# [AIM OF THE EXERCISE]
Write out each line below precisely, passing over the pictures.

# [RECORDS SHOWN]
- - -

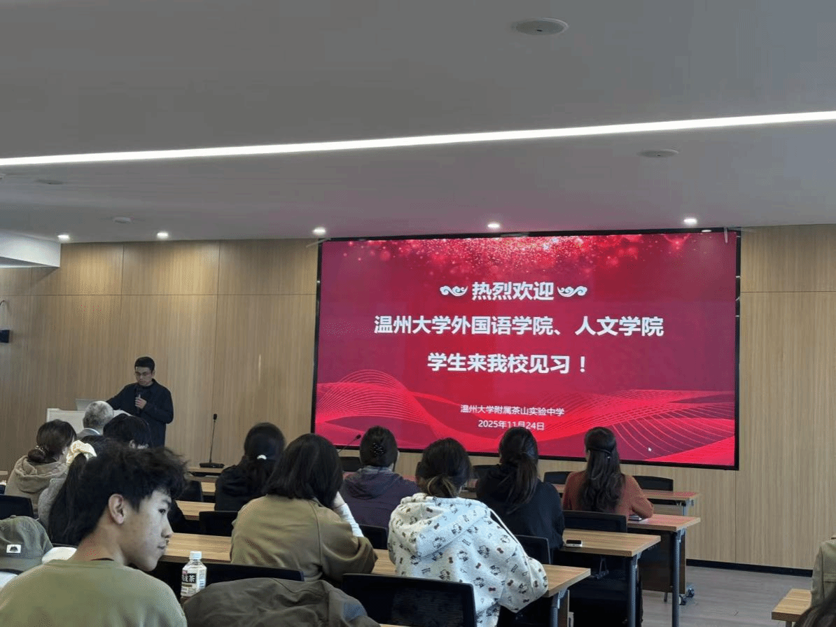 2025年11月24日上午,阳光正好,温州大学24级英语(师范)1班的同学们满怀期待与热忱,踏入了温州大学附属茶山实验中学的大门,开启了为期两周意义非凡的教育见习之旅。此次见习,是同学们走出大学课堂、走进真实校园的关键一步,旨在让他们近距离感受基础教育教学的真实场景,将所学的英语学科教育理论与实际教学紧密结合,为未来的教育实习乃至职业发展筑牢坚实根基。
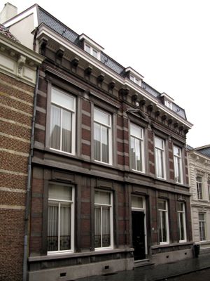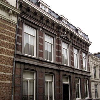 Herenhuis met in de gevel overvloedige toepassing van hardsteen voor waterlijsten, versiering boven de vensters en middenfronton in de verdieping
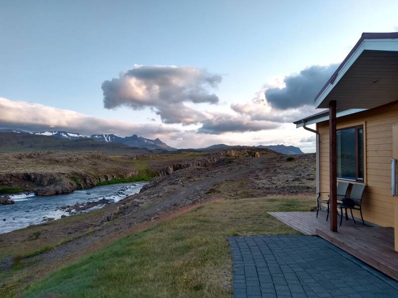 In de omgeving van de luchthaven leek het wel een maanlandschap, rond Reykjavik op ringweg nr. 1 was het veel groener en de weg naar mijn eindbestemming van vandaag waren er veel IJslandse paardjes te bekennen. Ik zit dit keer in een heel leuk onderkomen: het mooist gelegen huisje (kamernr. 1) van het Fossatun Country Hotel met een leuk terrasje en zo bij kleine watervalletjes. Na een paar bakken thee en een heerlijke douche mijn bed maar ingedoken.
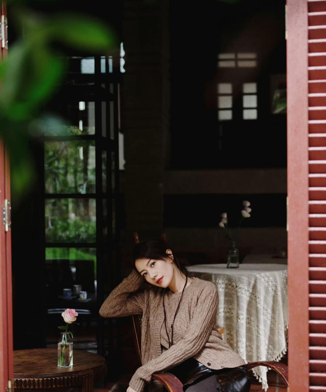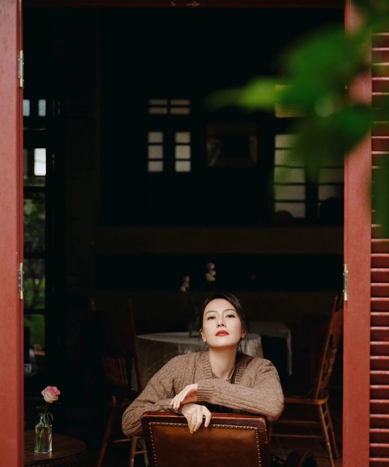 高圆圆一身暖棕针织搭配亮面黑裙,在雅致空间里,或倚墙浅笑,或静坐沉思,慵懒又优雅
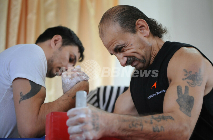 ニュース ライフ こぼれ話 腕に覚えあり!?刑務所内で腕相撲大会 ルーマニア 2008年8月27日 6:34 発信地:ブカレスト/ルーマニア [ ヨーロッパ ルーマニア ] このニュースをシェア ‹ › ❮ 8/8 ❯ ルーマニア・ブカレスト(Bucharest)のRahova刑務所で行われた腕相撲大会の試合に臨む受刑者(2008年8月26日撮影)。(c)AFP/DANIEL MIHAILESCU 画像作成中 ! 【8月27日 AFP】ルーマニア・ブカレスト(Bucharest)のRahova刑務所で26日、受刑者らによる腕相撲大会が開催された。この大会は、同国のアームレスリング協会と同刑務所が主催したもので、受刑者たちの精神面、社会性を向上させることを目的に行われた。(c)AFP ライフ 一覧へ> メディア・報道関係・法人の方向け 写真・動画 購入のお問合せ>
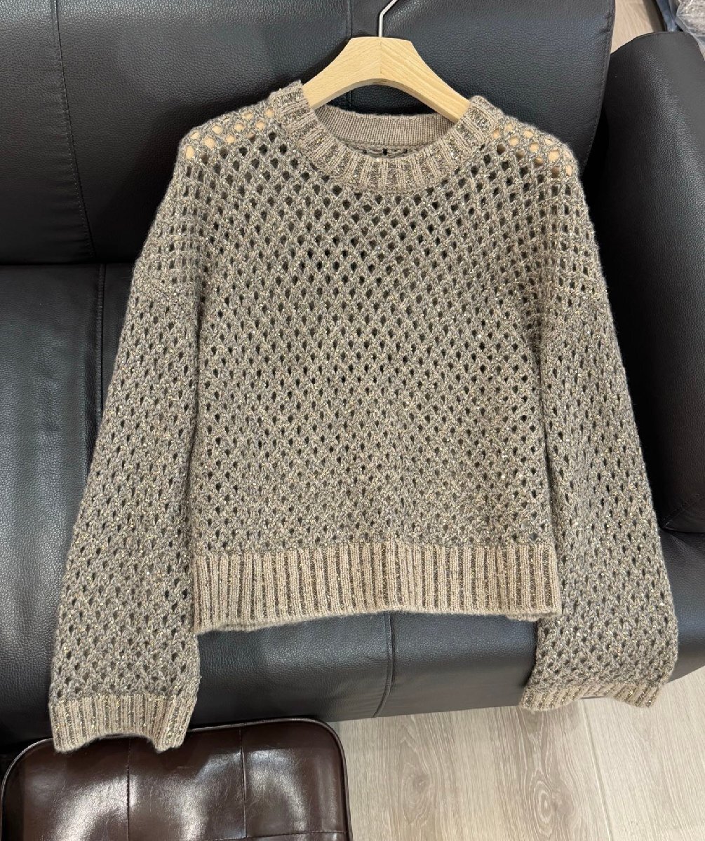 - グレーL★送料無料【新品】★ブルネロクチネリレディースラメ入り メッシュ編み セーター, クルーネック ニット, 長袖 ゆったりシルエット
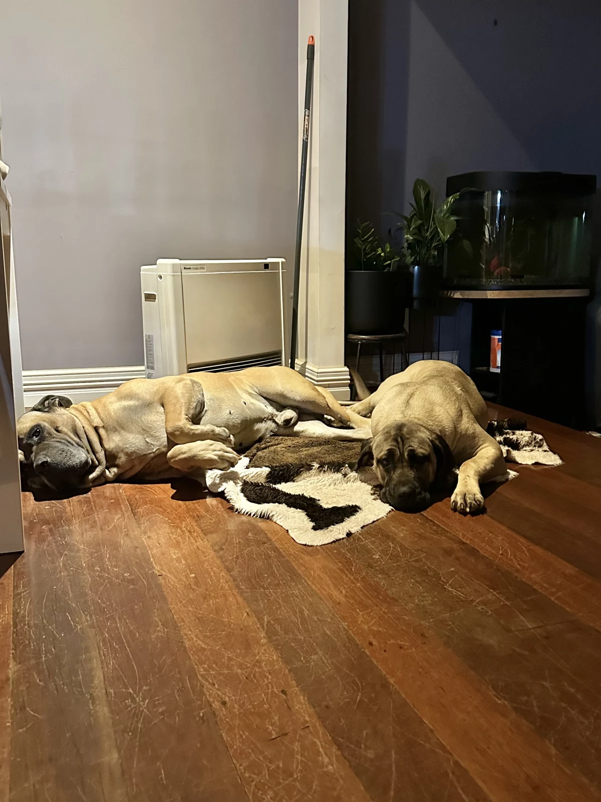 Dogs have access to: warm bedding, water at all times, ample space to exercise, natural light

- - -

# [EXERCISE SOLUTION]
 2025年11月24日上午,阳光正好,温州大学24级英语(师范)1班的同学们满怀期待与热忱,踏入了温州大学附属茶山实验中学的大门,开启了为期两周意义非凡的教育见习之旅。此次见习,是同学们走出大学课堂、走进真实校园的关键一步,旨在让他们近距离感受基础教育教学的真实场景,将所学的英语学科教育理论与实际教学紧密结合,为未来的教育实习乃至职业发展筑牢坚实根基。
 Herenhuis met in de gevel overvloedige toepassing van hardsteen voor waterlijsten, versiering boven de vensters en middenfronton in de verdieping
 In de omgeving van de luchthaven leek het wel een maanlandschap, rond Reykjavik op ringweg nr. 1 was het veel groener en de weg naar mijn eindbestemming van vandaag waren er veel IJslandse paardjes te bekennen. Ik zit dit keer in een heel leuk onderkomen: het mooist gelegen huisje (kamernr. 1) van het Fossatun Country Hotel met een leuk terrasje en zo bij kleine watervalletjes. Na een paar bakken thee en een heerlijke douche mijn bed maar ingedoken.
 高圆圆一身暖棕针织搭配亮面黑裙,在雅致空间里,或倚墙浅笑,或静坐沉思,慵懒又优雅
 ニュース ライフ こぼれ話 腕に覚えあり!?刑務所内で腕相撲大会 ルーマニア 2008年8月27日 6:34 発信地:ブカレスト/ルーマニア [ ヨーロッパ ルーマニア ] このニュースをシェア ‹ › ❮ 8/8 ❯ ルーマニア・ブカレスト(Bucharest)のRahova刑務所で行われた腕相撲大会の試合に臨む受刑者(2008年8月26日撮影)。(c)AFP/DANIEL MIHAILESCU 画像作成中 ! 【8月27日 AFP】ルーマニア・ブカレスト(Bucharest)のRahova刑務所で26日、受刑者らによる腕相撲大会が開催された。この大会は、同国のアームレスリング協会と同刑務所が主催したもので、受刑者たちの精神面、社会性を向上させることを目的に行われた。(c)AFP ライフ 一覧へ> メディア・報道関係・法人の方向け 写真・動画 購入のお問合せ>
 - グレーL★送料無料【新品】★ブルネロクチネリレディースラメ入り メッシュ編み セーター, クルーネック ニット, 長袖 ゆったりシルエット
 Dogs have access to: warm bedding, water at all times, ample space to exercise, natural light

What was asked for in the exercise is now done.